They picked their own topic. Kaval was raping about all the members of NXT and finished the rap with Total Nonstop Action.


----------



## Kratosx23 (Nov 1, 2004)

perro said:


> what? when did i ever say that
> 
> I hate Riley cause hes just another Cocky heel with no individuality what so ever other then the fact he wares a varsity jacket


So you're ignoring his skills and just hate him because he's a cocky heel? That's retarded. It's not even his decision what he is.


----------



## JoseBxNYC (Feb 21, 2008)

Just glad Blandguillicuty didn't beat Ryder.


----------



## Huganomics (Mar 12, 2010)

JoseBxNYC said:


> Just glad Blandguillicuty didn't beat Ryder.


I have to admit, I actually thought McGillicutty would win it because of Ryder's jobber status.


----------



## Kratosx23 (Nov 1, 2004)

JoseBxNYC said:


> Just glad Blandguillicuty didn't beat Ryder.


Wait a second, he lost to RYDER? :lmao :lmao Was it clean?


----------



## cavs25 (Mar 31, 2010)

yea it was a clean lost


----------



## TheWFEffect (Jan 4, 2010)

Pyro™ said:


> Wait a second, he lost to RYDER? :lmao :lmao Was it clean?


WOOOO WOOOO YOU KNOW IT


----------



## Kratosx23 (Nov 1, 2004)

cavs25 said:


> yea it was a clean lost


Oh my god. :lmao :lmao :lmao :lmao :lmao

Alright, I'm changing my pick. It's definately Kaval or Riley now, Hennig's credibility just shot down the shitter. There's no way I'm taking him seriously as a future world champion now.


----------



## JoseBxNYC (Feb 21, 2008)

I laughed when Ryder yelled at him "You serious bro?".


----------



## JerseyCloverleaf (Aug 15, 2010)

After tonight, I'm not sure that I see Riley winning. He took Kofi's Trouble in Paradise just awfully, and the rest of his match was completely generic. He ran out of mic time, and prior to that, it wasn't anything special. 

Kaval got all the momentum with his stomp to the outside on Husky, plus the pros coming to his aid. That said, the TNA comment (if not scripted) was incredibly stupid for him to say, and overall, his speech wasn't great. 

McGillicutty looked the best in his match out of all of them... it was the only one that looked like a real WWE match.
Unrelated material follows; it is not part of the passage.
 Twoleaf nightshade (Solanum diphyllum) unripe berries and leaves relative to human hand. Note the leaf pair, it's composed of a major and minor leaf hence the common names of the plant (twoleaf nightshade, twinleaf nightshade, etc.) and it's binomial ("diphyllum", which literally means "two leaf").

That said, creative likely doesn't want him to win if they have him taking the loss to Ryder. As far as his speech goes, it was... interesting. It would've been great if he was supposed to be a heel... but he's not. I don't think. 

Really, after tonight, I don't see any of these guys as the next NXT winner... eesh. If anyone it'd be Kaval. I guess we'll have to see what happens in the next weeks before I could make a better call.


----------



## JoseBxNYC (Feb 21, 2008)

That's the problem with McGuillicuty. He's a face but delivers his promo like a straight up heel.
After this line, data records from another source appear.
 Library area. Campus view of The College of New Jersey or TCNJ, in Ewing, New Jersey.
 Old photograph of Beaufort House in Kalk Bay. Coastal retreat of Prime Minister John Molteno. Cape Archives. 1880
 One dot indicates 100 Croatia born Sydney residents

I don't know what happened to Riley tonight but even the best guys will have one bad night.


----------



## DFUSCMAN (Mar 13, 2010)

JoseBxNYC said:


> That's the problem with McGuillicuty. He's a face but delivers his promo like a straight up heel.
> 
> I don't know what happened to Riley tonight but even the best guys will have one bad night.


and that's hennig is as bland as ted dibiase jr. And that's saying something.


----------



## The_Jiz (Jun 1, 2006)

omg Cody's rant was unbelievable.


----------



## JerseyCloverleaf (Aug 15, 2010)

The_Jiz said:


> omg Cody's rant was unbelievable.


Haha, yeah. Line of the night, without a doubt was Cody Rhodes to Zack Ryder: "Good luck with you're, uh, future endeavors."
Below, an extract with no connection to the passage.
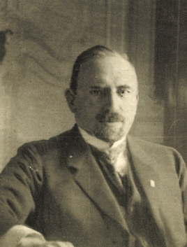 People's Commissar for Foreign Affairs Péter Ágoston in 1919 (postcard)

That one probably hit a little too close to home for a jobber.


----------



## [MDB] (Oct 9, 2006)

Is it me or does Cody Rhodes just reek of awesomeness? I really like his gimmick too. At this point I see Alex Riley winning NXT Season 2. Sucks Husky got eliminated, I started to really get into him. Can't wait for the finale in a few weeks.


----------



## perro (Nov 19, 2008)

Pyro™ said:


> So you're ignoring his skills and just hate him because he's a cocky heel? That's retarded. It's not even his decision what he is.


no iam hating him cause he brings nothing to the table


----------



## Dub (Dec 4, 2008)

cant believe i miss this episode, I bet when they air it here in Cali its gonna be edit


----------



## Kratosx23 (Nov 1, 2004)

perro said:


> no iam hating him cause he brings nothing to the table


Which is the exact opposite of what you just said, which is that you hate him because he's a cocky heel.

Alex Riley bleeds charisma, is one of the most natural mic workers the WWE has hired in years, plays his character great and has a decent enough ability in the ring. He has no weaknesses.


----------



## The Enforcer (Feb 18, 2008)

Pyro™ said:


> Which is the exact opposite of what you just said, which is that you hate him because he's a cocky heel.
> 
> Alex Riley bleeds charisma, is one of the most natural mic workers the WWE has hired in years, plays his character great and has a decent enough ability in the ring. He has no weaknesses.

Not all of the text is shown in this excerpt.